This figure shows the expected morning rise, or the cortisol awaking response, from waking until about half an hour after waking, followed by a rapid decline until 4.5 hours after waking, followed by a more gradual late afternoon decline until 15 hours after waking and finally, for respondents who are awake more than 15 hours we find a flattening of their cortisol rhythm to a late night plateau. The first three slopes are statistically significantly different from zero at p<0.01; slope 4 was not statistically different from zero. Model-predicted mean wakening value, peak and nadir, are 13.88 nmol/L, 19.09 nmol/L, and 2.00 nmol/L respectively. Estimated area under the log-cortisol curve (AUC) was 29.39 ln(nmol/L+1)-hours.

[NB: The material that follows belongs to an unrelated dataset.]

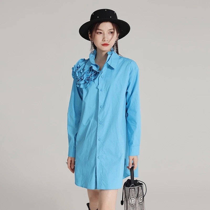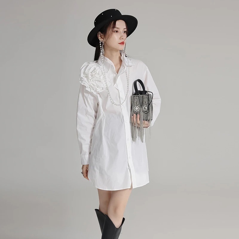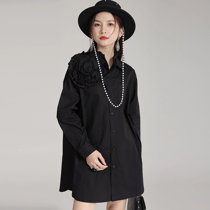 【J.Fashion】 3D花飾り ロンT 高級感 レディース ロングブラウス ロングシャツ 個性的なデザイン 関連商品は店で購入可能30%までに制限

Table 2 shows the results of our fully-adjusted models predicting Wave 2 salivary cortisol over the day as a function of Wave 2 social strain scores. This table displays the association between concurrent social strain on the waking value (intercept) and the four slopes, as well as the model estimated peak (highest point), nadir (lowest point) and the full area under the curve for the day (AUC). We present results for mean strain (averaged across spouse, family, friends). Measures are treated as continuous in these models (range: 1 to 4). These results provide a cross-sectional snapshot of the relationship between the cortisol rhythm and social strain.

Table 2.

Coefficients and Standard Errors from Spline Models of log cortisol+1 (nmol/L) as a Function of Wave 2 Social Strain, (n=1,502)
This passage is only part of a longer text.